*** Opening of Material to process ***

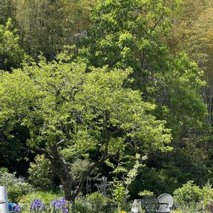 我が家の柏の木 西側斜面は筍山 樹齢50年以上! 子供が小さい頃は柏餅を作った❤️ 手前は富有柿、秋には沢山の実が! 柏の葉の新緑が眩しい。 足元を見ると筍が!
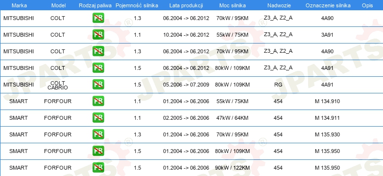 Informacje o części
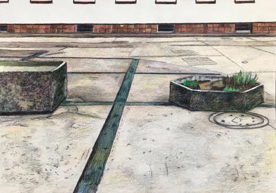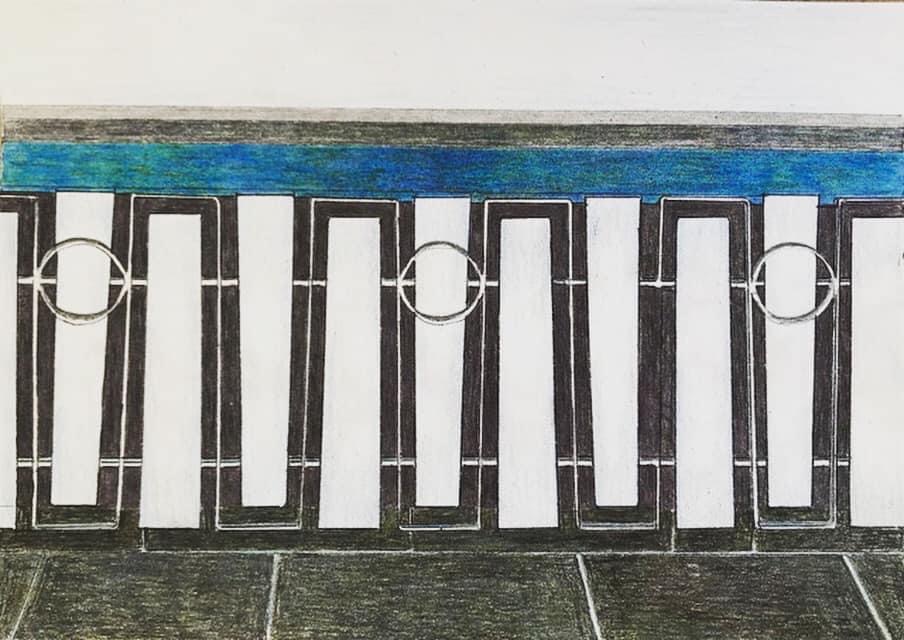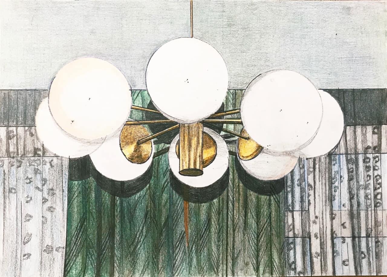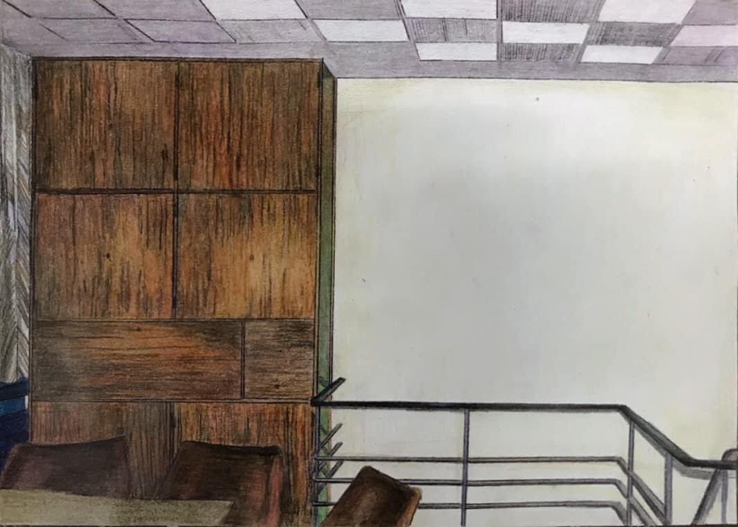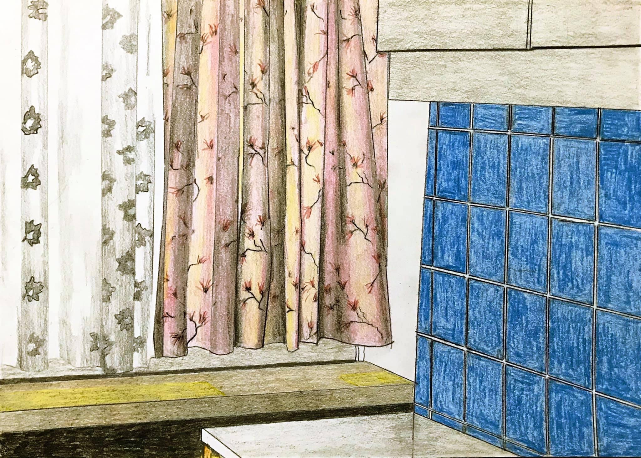 Die Zeichnungen gehören zu einer Serie von 30 Zeichnungen „Stasizentrale Nr. …“ und sind nach Abbildungen gezeichnet, die Andrea Pichl in der Stasizentrale fotografiert hat und die Ausschnitte des Interieurs und den Gestaltungsvorlieben der Stasi in der DDR zeigen.
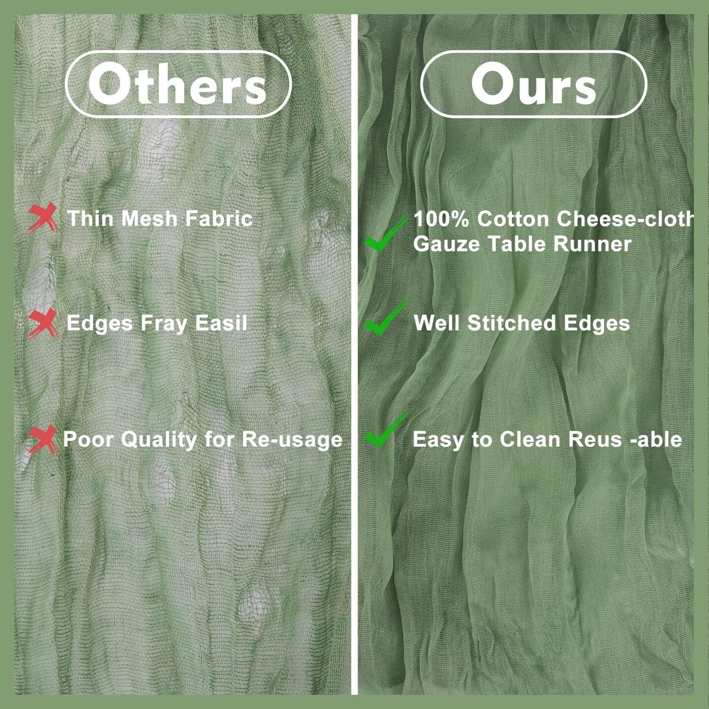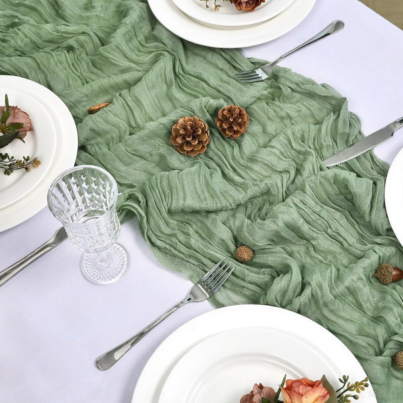 Sage Green Cheesecloth Table Runner 10ft Boho Gauze Fabric Cheese(Sage Green)35"W
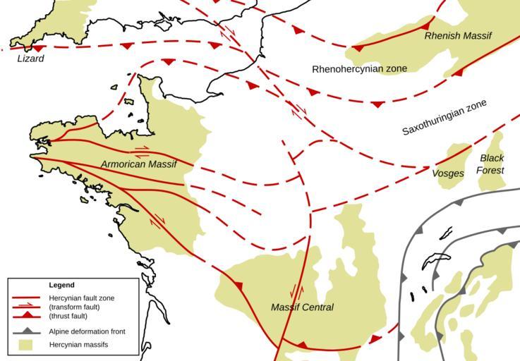 | Keywords: French Hercynian massifs EN.svg Service Géologique National ; 1996 Carte géologique de la France au millionième Éditions BRGM 6<sup>th</sup> ed Paris Debelmas J ; 1974 Géologie de la France 1 vieux massifs et grands bassins sédimentaires Doin éditeurs Paris ISBN 2-7040-0011-5 Martínez-Catalán J R ; 1990 A non-cylindrical model for the northwest Iberian allochthonous terranes and their equivalents in the Hercynian belt of Western Europe Tectonophysics 179 pp 253-272 Matte Ph ; Maluski H ; Rajlich P Franke P ; 1990 Terrane boundaries in the Bohemian Massif Result of large-scale Variscan shearing Tectonophysics 177 pp 151-170 Pharaoh T C ; 1999 Palaeozoic terranes and their lithospheric boundaries within the Trans-European Suture Zone TESZ a review Tectonophysics 314 pp 17-41 own Woudloper 2008-11 Variscan orogeny Geological maps of the Netherlands Geological maps of Belgium Geological maps of France Geological maps of Germany SVG geology Structural geology maps SVG maps in English Geological maps of Switzerland Geological maps of England |
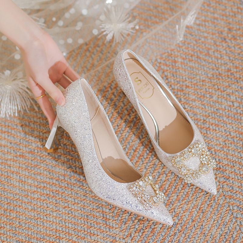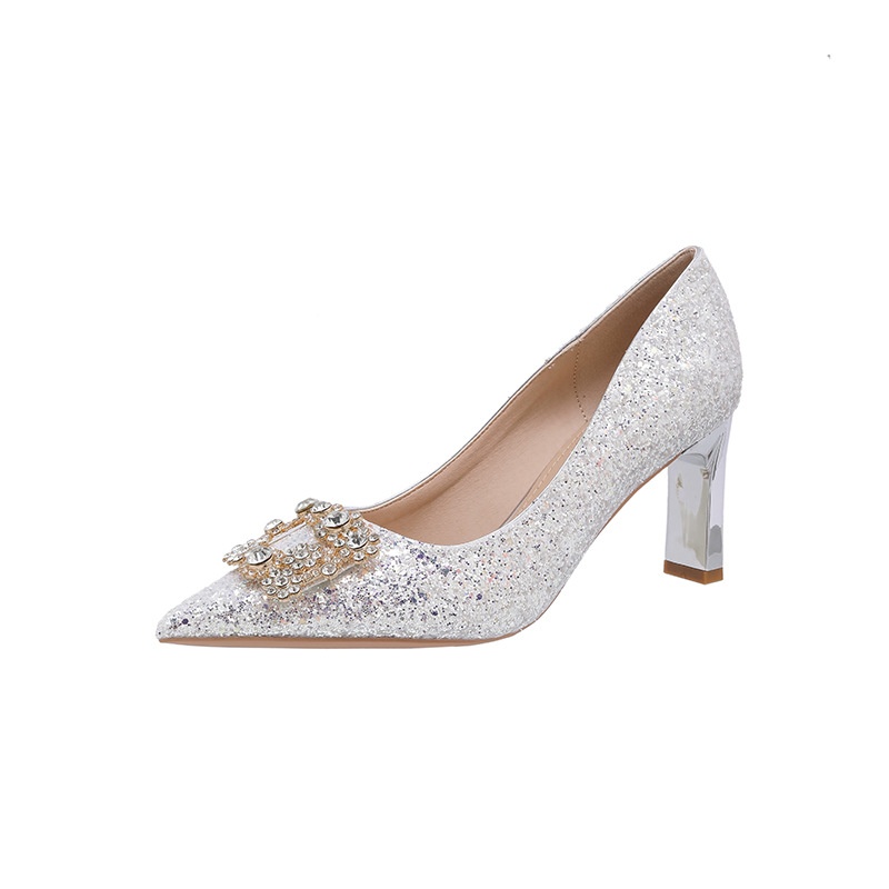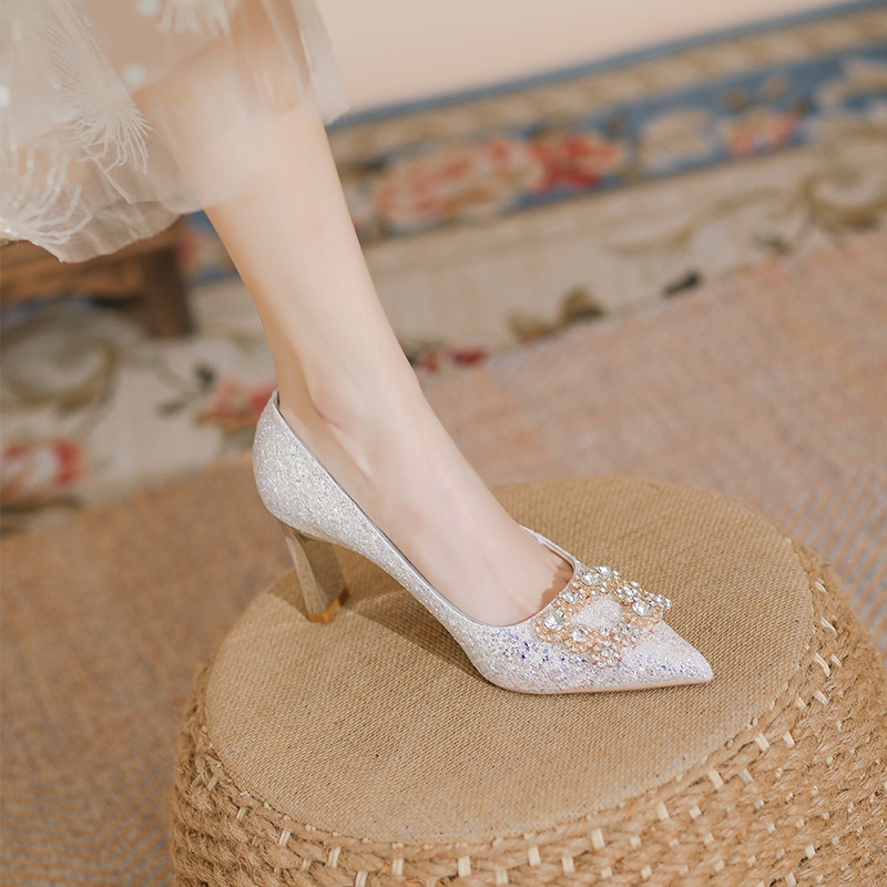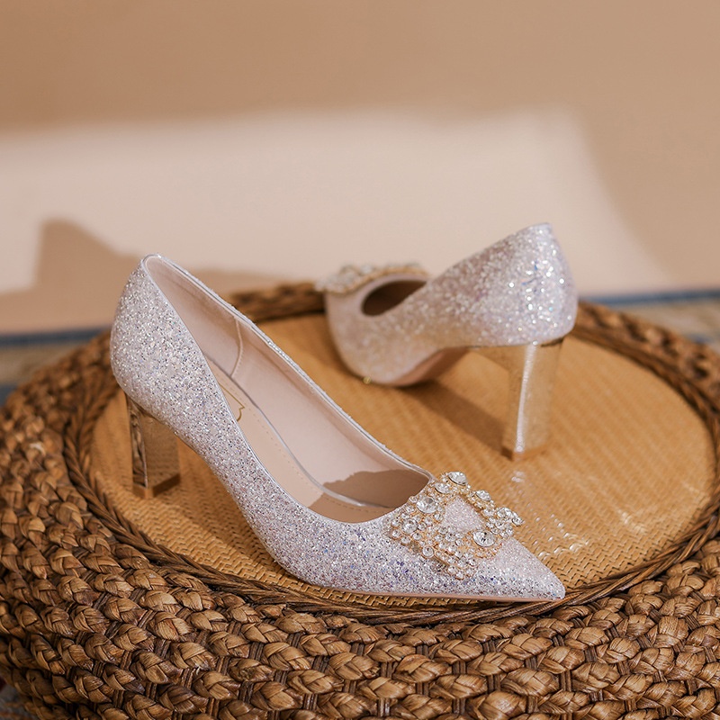 Cinderella Silver Wedding Shoes For Women Rhinestone Square Buckle Wedding Dress Banquet Two-wear Toast Not Tired High Heels

*** Close of Material to process ***

- Exercise aim -
From the first line of the listing above, repeat every line through the one holding "Sage Green Cheesecloth". Both ends count, and pictures stay out.

- Reply -
 我が家の柏の木 西側斜面は筍山 樹齢50年以上! 子供が小さい頃は柏餅を作った❤️ 手前は富有柿、秋には沢山の実が! 柏の葉の新緑が眩しい。 足元を見ると筍が!
 Informacje o części
 Die Zeichnungen gehören zu einer Serie von 30 Zeichnungen „Stasizentrale Nr. …“ und sind nach Abbildungen gezeichnet, die Andrea Pichl in der Stasizentrale fotografiert hat und die Ausschnitte des Interieurs und den Gestaltungsvorlieben der Stasi in der DDR zeigen.
 Sage Green Cheesecloth Table Runner 10ft Boho Gauze Fabric Cheese(Sage Green)35"W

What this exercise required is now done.